■ **Supplied data**
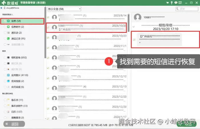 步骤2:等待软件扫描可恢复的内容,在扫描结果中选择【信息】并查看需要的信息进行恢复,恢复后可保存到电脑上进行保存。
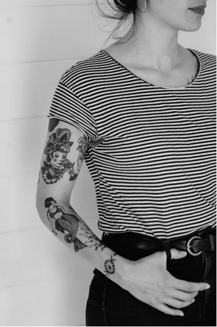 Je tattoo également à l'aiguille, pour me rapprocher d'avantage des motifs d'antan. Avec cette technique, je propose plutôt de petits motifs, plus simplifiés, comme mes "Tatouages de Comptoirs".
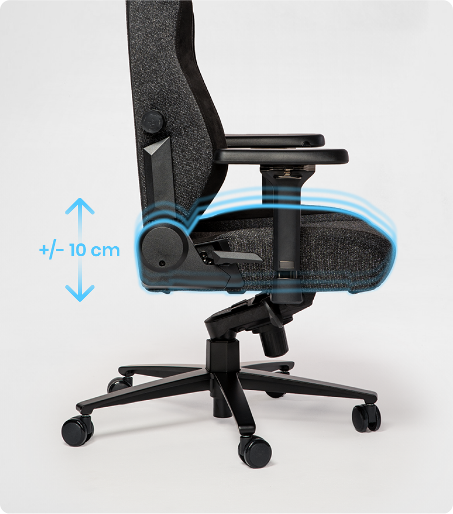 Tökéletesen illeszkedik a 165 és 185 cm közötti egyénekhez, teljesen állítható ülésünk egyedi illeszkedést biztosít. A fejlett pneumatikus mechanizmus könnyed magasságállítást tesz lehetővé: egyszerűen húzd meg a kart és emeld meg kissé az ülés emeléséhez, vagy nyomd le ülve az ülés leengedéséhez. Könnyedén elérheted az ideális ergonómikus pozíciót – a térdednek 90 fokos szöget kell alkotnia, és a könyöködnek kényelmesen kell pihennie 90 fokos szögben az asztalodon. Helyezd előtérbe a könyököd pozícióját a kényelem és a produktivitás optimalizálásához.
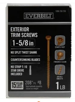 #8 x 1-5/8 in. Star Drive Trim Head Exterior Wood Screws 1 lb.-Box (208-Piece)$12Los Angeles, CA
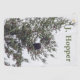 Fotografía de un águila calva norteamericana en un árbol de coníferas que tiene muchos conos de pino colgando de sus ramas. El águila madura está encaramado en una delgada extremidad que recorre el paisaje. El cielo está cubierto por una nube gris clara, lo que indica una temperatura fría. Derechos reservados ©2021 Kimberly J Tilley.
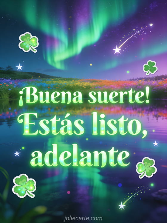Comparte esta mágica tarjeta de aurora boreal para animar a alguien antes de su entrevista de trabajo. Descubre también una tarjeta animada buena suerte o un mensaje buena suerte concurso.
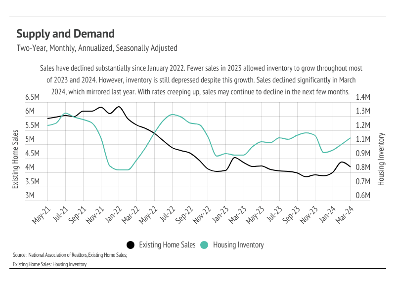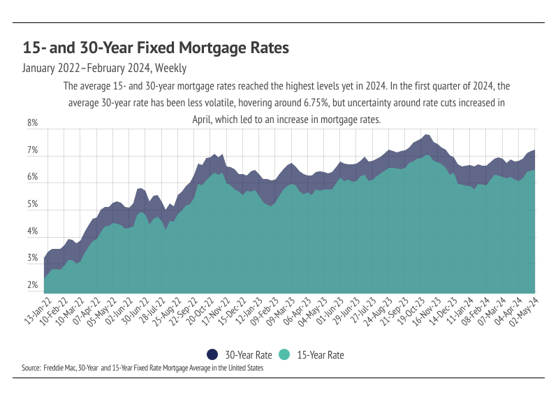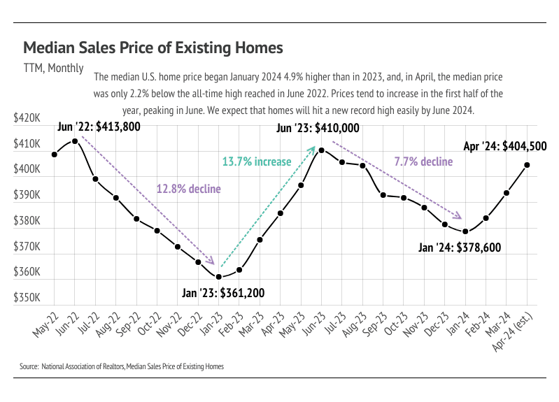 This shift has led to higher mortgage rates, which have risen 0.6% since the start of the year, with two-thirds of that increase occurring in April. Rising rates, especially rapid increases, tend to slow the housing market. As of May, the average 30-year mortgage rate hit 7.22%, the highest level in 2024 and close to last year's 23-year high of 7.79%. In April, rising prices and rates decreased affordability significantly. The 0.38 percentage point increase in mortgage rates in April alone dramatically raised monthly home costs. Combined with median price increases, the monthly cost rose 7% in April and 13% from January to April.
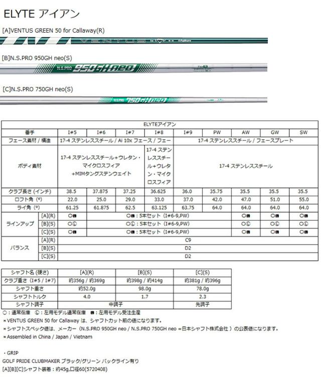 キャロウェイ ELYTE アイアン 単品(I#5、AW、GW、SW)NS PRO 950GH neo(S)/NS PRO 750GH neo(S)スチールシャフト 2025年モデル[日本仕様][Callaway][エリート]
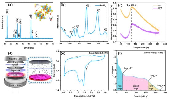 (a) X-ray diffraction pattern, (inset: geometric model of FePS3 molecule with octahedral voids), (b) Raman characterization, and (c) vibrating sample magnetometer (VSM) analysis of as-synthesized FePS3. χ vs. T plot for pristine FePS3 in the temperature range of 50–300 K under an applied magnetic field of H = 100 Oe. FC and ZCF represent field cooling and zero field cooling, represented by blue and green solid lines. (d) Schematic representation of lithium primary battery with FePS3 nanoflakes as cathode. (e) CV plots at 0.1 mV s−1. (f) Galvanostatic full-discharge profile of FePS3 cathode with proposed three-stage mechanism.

* * *

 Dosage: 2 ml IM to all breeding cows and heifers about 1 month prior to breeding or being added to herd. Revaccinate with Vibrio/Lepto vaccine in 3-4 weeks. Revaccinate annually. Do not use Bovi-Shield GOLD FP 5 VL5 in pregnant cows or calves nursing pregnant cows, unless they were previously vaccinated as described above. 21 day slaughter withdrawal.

...

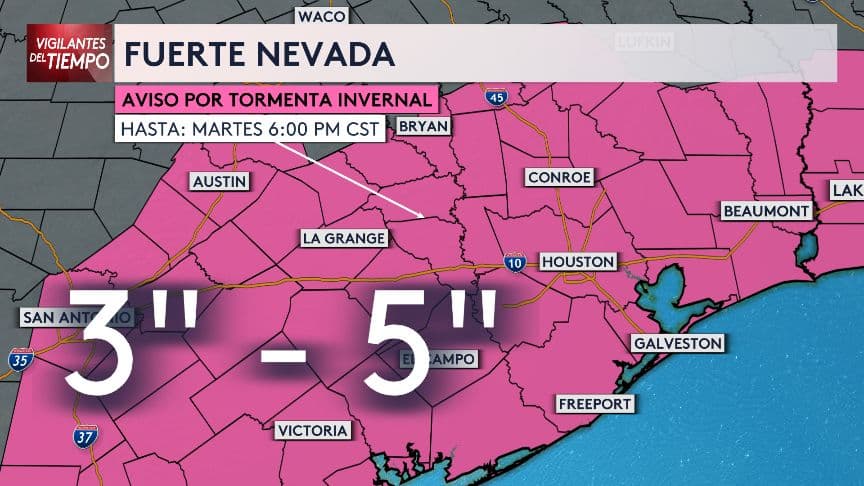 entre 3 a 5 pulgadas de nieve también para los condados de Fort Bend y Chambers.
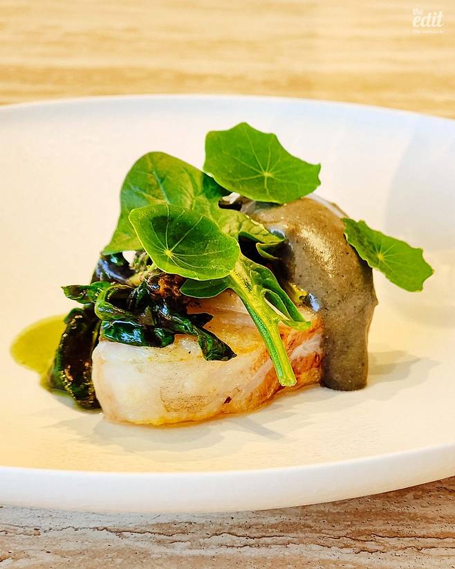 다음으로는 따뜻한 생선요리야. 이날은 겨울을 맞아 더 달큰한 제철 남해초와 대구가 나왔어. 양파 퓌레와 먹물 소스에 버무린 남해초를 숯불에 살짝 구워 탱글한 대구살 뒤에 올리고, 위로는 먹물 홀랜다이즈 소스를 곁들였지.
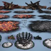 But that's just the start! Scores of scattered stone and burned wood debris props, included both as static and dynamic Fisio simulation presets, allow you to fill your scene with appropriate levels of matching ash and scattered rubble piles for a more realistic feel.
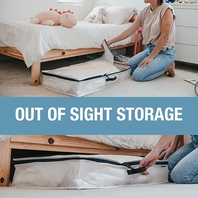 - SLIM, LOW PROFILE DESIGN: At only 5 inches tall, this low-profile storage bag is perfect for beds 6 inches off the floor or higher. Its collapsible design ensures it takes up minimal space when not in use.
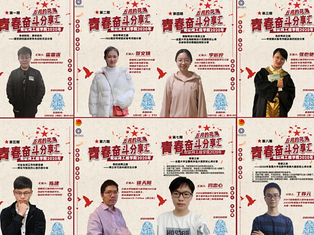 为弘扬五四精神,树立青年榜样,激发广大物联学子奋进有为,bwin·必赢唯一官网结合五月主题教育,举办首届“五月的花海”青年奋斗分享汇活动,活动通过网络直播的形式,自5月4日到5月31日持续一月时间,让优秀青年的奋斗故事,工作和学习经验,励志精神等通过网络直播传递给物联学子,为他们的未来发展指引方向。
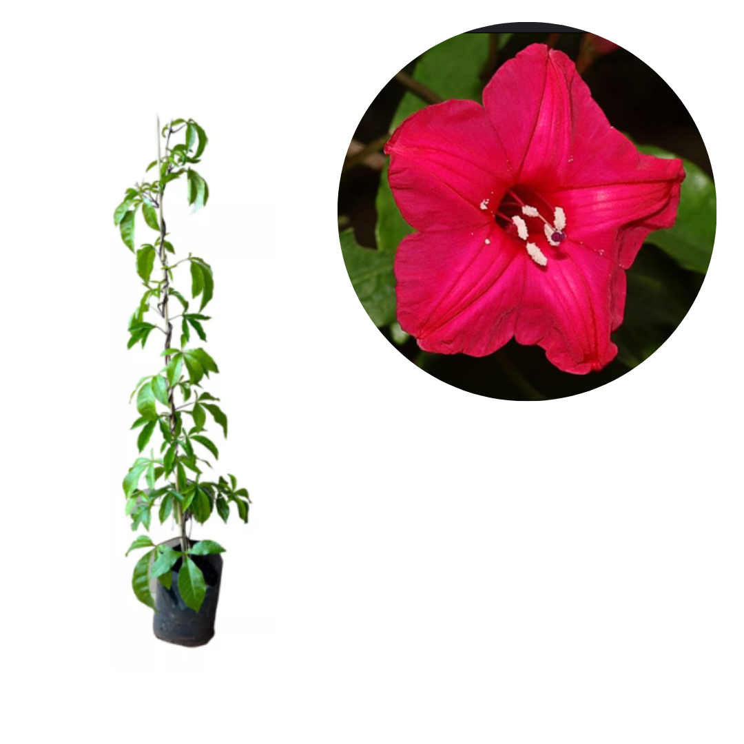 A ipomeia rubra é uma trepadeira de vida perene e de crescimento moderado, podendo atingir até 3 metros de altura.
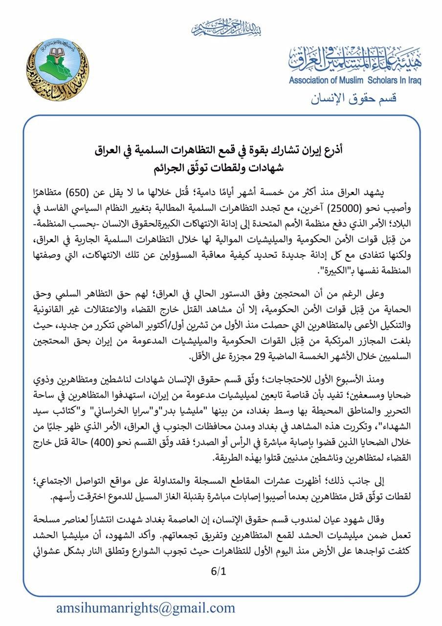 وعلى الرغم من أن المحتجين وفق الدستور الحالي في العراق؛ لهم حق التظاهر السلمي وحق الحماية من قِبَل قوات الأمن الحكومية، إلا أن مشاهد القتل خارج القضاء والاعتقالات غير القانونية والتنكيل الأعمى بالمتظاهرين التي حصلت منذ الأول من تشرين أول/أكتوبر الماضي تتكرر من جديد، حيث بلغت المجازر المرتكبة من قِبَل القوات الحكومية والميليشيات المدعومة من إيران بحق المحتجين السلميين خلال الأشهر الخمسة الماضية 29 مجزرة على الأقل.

■ **About this exercise**
Your answer must be everything above from the line with "This shift has" down to the line with "キャロウェイ ELYTE アイアン", word for word, and no pictures.

■ **Answer below**
 This shift has led to higher mortgage rates, which have risen 0.6% since the start of the year, with two-thirds of that increase occurring in April. Rising rates, especially rapid increases, tend to slow the housing market. As of May, the average 30-year mortgage rate hit 7.22%, the highest level in 2024 and close to last year's 23-year high of 7.79%. In April, rising prices and rates decreased affordability significantly. The 0.38 percentage point increase in mortgage rates in April alone dramatically raised monthly home costs. Combined with median price increases, the monthly cost rose 7% in April and 13% from January to April.
 キャロウェイ ELYTE アイアン 単品(I#5、AW、GW、SW)NS PRO 950GH neo(S)/NS PRO 750GH neo(S)スチールシャフト 2025年モデル[日本仕様][Callaway][エリート]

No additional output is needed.